Il ne s’agit pas d’accabler Martine Aubry. DSK, lors de son très attendu passage sur France 2, a donné les signes du même mal. Amené à définir le socialisme, il a utilisé ces trois termes, sans doute soigneusement pesés à l’avance : « lespoir, l’ avenir, l’innovation ». Je ne répéterai pas ce que j’ai écrit plus haut, vous pouvez faire l’exercice vous-même: lequel de ces mots serait inconcevable, ou polémique, dans la bouche d’un homme de droite (et réciproquement, de gauche) ? Aucun. C’est peut-être un atout pour un second tour d’élection présidentielle.

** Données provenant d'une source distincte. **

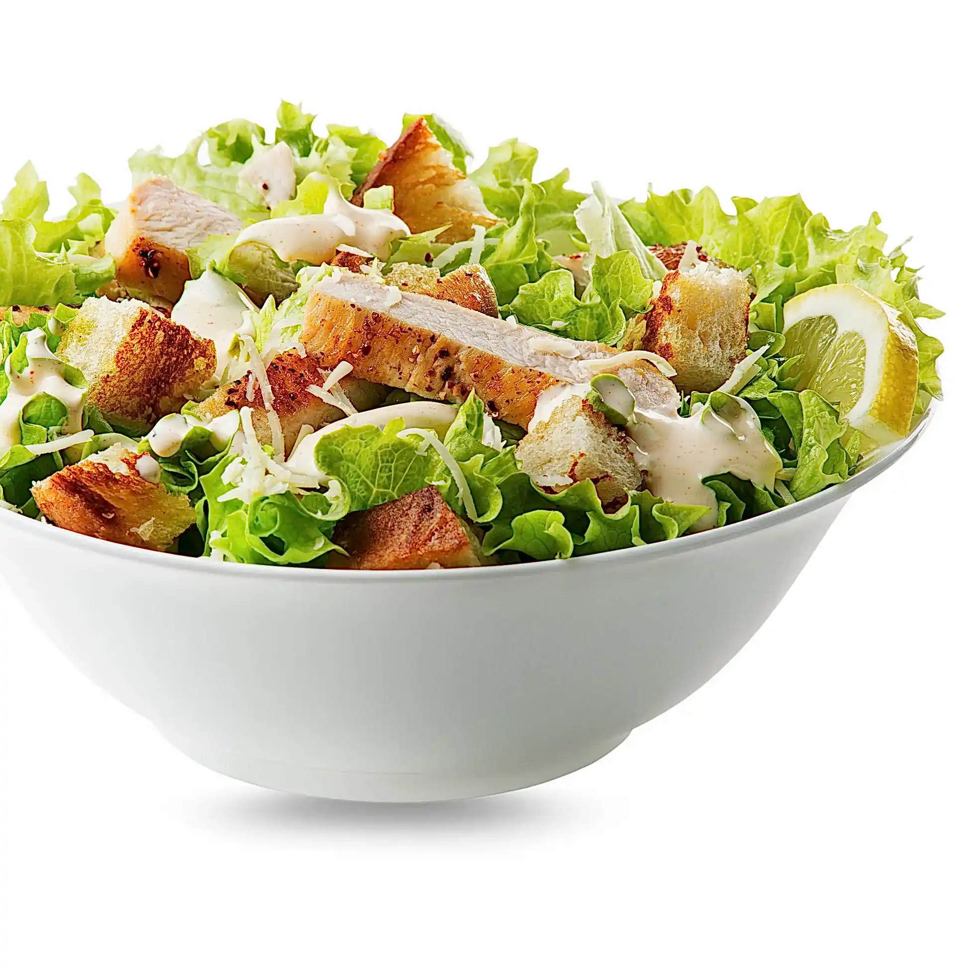 Chicken, Romaine lettuce, Parmesan cheese, Croutons, Caesar dressing
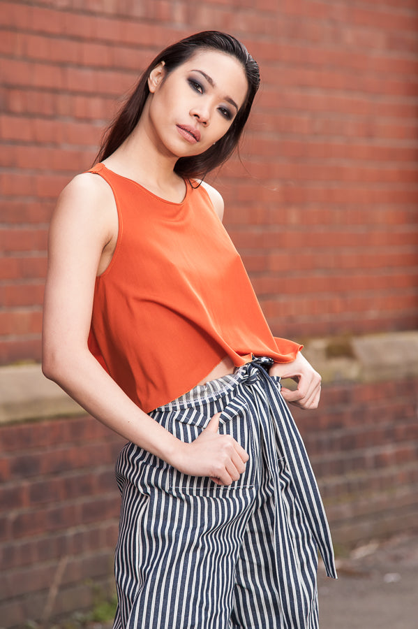 Hemmed at the ankle these trousers have a very wide waist paperbag waist with a belt. It's a fashionable look and means these trousers will fit many waist sizes and still look awesome! Features two large front patch pockets.

Mais pour un premier tour, étape qui devrait être la seule à intéresser les socialistes pendant un an, en quoi est-ce une conception clivante, identifiante, différenciante ?

Les deux derniers sondages-choc sur la percée inédite du Front National, même s’il faut évidemment les prendre avec toutes les précautions d’usage, n’épargnent personne et jettent une lumière crue sur ces considérations. PS et UMP (à travers leurs candidats) ne payent-ils pas cash leur identité évanescente ? Marine Le Pen ne marque-t-elle pas d’abord des points par la simplicité, la cohérence et l’évidence de son discours (protection – des frontières, des salariés, du corps national …) ? D’un côté, une droite laminée par les embardées idéologiques (un coup à droite, un coup à gauche) de son président, et ses échecs successifs ; de l’autre une gauche perdue dans une introspection jamais vraiment terminée sur son rôle et sa fonction dans la mondialisation libérale, et dans les atermoiements (qui dureront jusqu’à l’automne) sur l’identité de son représentant. Nul doute que cette confusion, sur fond d’affaires diverses et variées, contribue largement à nourrir l’accusation d’UMPS et donc le vote FN. Et que faute de ressaisissement rapide, le 21 avril (à l’endroit, à l’envers) pourrait devenir une date somme toute banale.